There is no denying that, in parts, the band are brilliant, syncing with their Man Alive Ensemble to create something breathtaking. More often than not, though, they settle for prancing around the post-Mark Ronson wasteland, putting in the odd toot of horn to add effect, a couple of atmospheric parps to prop up a sound. Even the triumphant moments are somewhat tempered by the presence of Elbow’s Guy Gurvey, hanging around the lobby like the ghost at the feast, a reminder to all involved that these are far from pastures new for indie music.

Perhaps worst of all, the band were upstaged before they’d even stepped in front of their audience. It’s a daring move for anyone to have James Blake lower down the bill at the moment, and the pre-show jokes about seeing the future of music seem more like fact than mockery as his sparse set goes on. Whilst the headliners seek to bombard and pile on the sounds, twitching with energy, overwhelming the listener as they play, Blake has the confidence in his own ability leave spaces and to be downbeat. People might be calling it post-dubstep, but that’s only due to lack of ideas – there’s little like this to have gone before.

What do you think?

4 Responses to Everything Everything – RNCM, Manchester 13/12/10

  1. Jamie Wright December 15, 2010 at 4:36 pm #

    I’m sorry were you at the same gig?!? There was no “lukewarm set”!

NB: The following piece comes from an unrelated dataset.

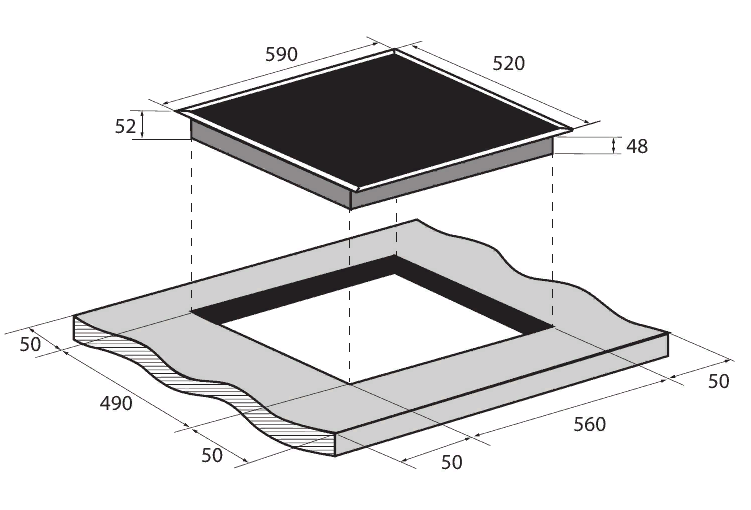 Характер огранки фаски на внешней стороне варочной панели. Металлические рамки предотвращают забивание монтажных швов крошками и пылью.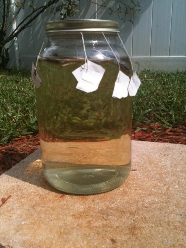Fill your jar with water, approx. 1 gallon (make sure you use something with a lid). Place 6 tea bags in the water (you can add more or less depending on how strong or weak you like your tea).

    I was stood outside as everyone filed past at the end of the gig and the general consensus was that they were excellent. I’m not sure where you get a standing ovation out of “politeness”?! I was sat in the middle of the theatre and people were genuinely thrilled and appreciative for EE’s performance!

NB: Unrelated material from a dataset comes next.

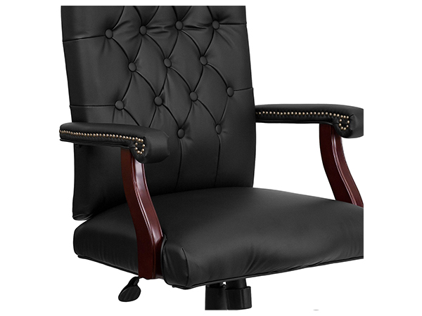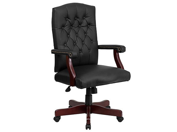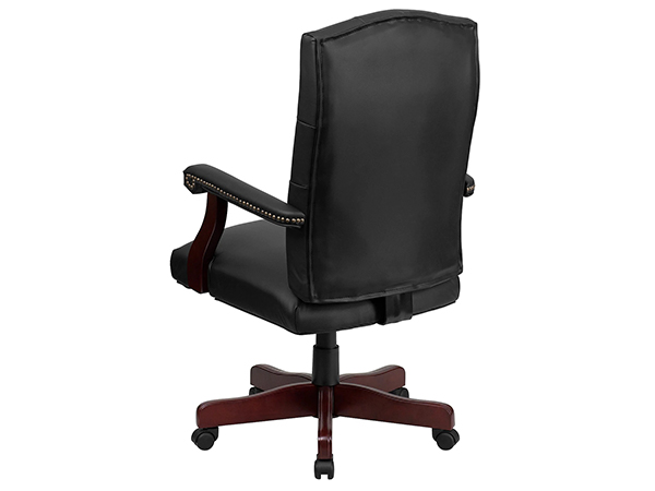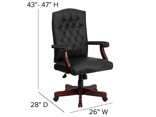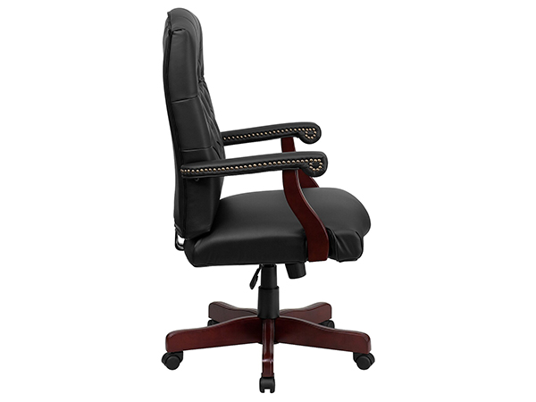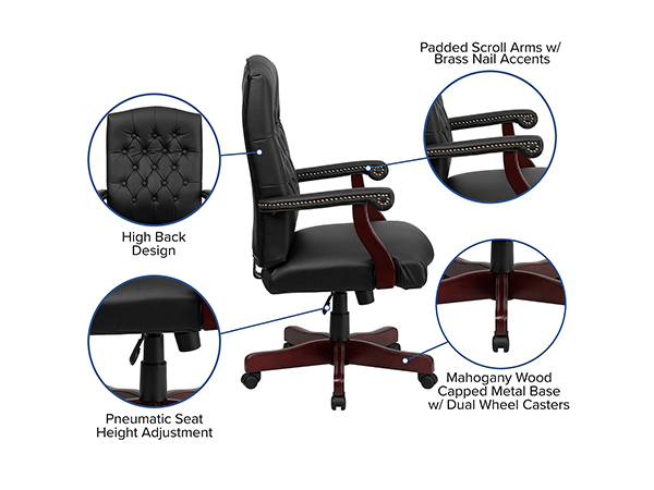 La silla giratoria ejecutiva de cuero negro con acabado de caoba permite el ajuste neumático de la altura del asiento y presenta un diseño de respaldo alto con un cómodo respaldo acolchado.

    Also, as a reviewer, mentioning the presence of Guy Garvey (a lovely chap by the way who we had a quick chat with) as some kind of death knell is hugely unfair!

    I don’t usually get involved with responding to reviews as I tend to find that those who comment critically are usually those who were not talented enough be the subject matter in question, but out of a duty of relaying what the gig WAS actually like, Everything Everything performed admirably and are a breath of fresh air in this current turgid music scene!

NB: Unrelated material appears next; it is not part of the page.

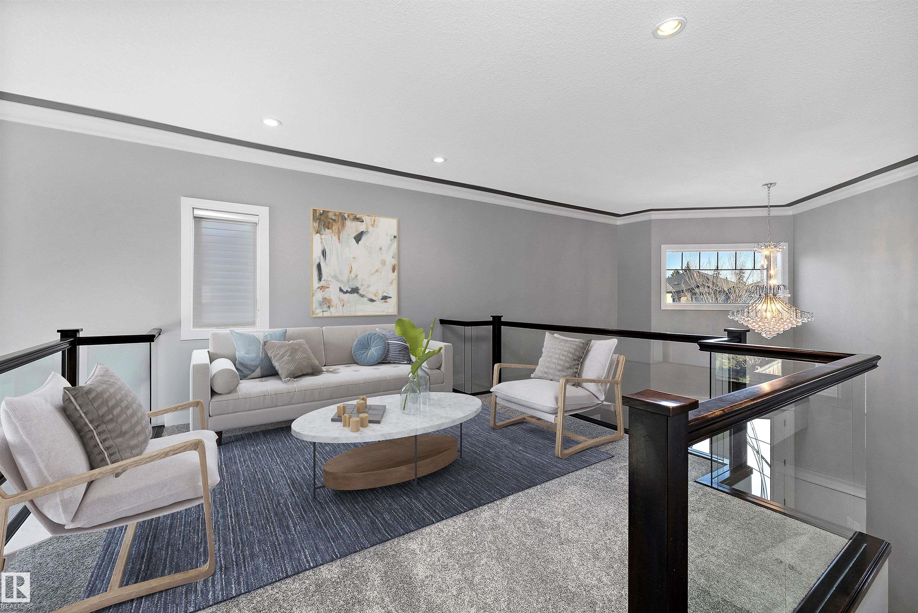 Luxury living defines this Allard home with architectural impact & refined finishes. Dramatic open-to-below foyer with glass railing leads to a bright open-concept main floor with rich hardwood, striking fireplace & expansive windows. Chef’s kitchen features full-height cabinetry, stone countertops, premium stainless steel appliances & a large island ideal for entertaining. Rare main floor bedroom with full bathroom is perfect for guests or intergenerational living. Upstairs offers a spacious bonus room, up...

  2. Matthew Britton December 15, 2010 at 7:21 pm #

    i don’t usually respond to comment either, but I was genuinely underwhelmed by it all. It all felt a little forced and they seemed to settle for just jazzing up a few songs rather than doing anything interesting. I genuinely feel there were points when they’d have been better going it alone rather than with the ensemble – some song’s didn’t really work with the 16 piece bolt on. Overall, though, they were good, but I thought they were far from great.

  3. Laura Snapes December 16, 2010 at 12:58 pm #

    Good lord Matthew! I went to the London show last night, and they definitely weren’t just jazzing up a few songs. The arrangements were sublime! Look at this bit of Suffragette Suffragette – twitvid.com/WUA6T – there’s no way they could have made it sound much more different. Each to their own and that, but I thought it was a stunning, stunning show. I was literally squealing with glee at some points.

  4. Miriam_ December 24, 2010 at 9:39 pm #

    Matthew it was a fantastic gig, best i have been to in months.
    The band and the vocals were fantastic and it was really well put together.

    I just knew you were going to write a bad review on it, probably because they are not a new enough band for you to be the first to know about, if you had seen the same gig a year or so earlier you would have been raving about.

    As i was sat NEXT to you THROUGHOUT this gig and distinctly remember you saying “that was really good” after a few individual songs, i think you have given it a very unfair review.

    Stop being too proud to admit it was a great show, it was.

    see you tomorrow, your loving girlfriend.

    ps. Told you i would write a complaint if you dared to slate this gig.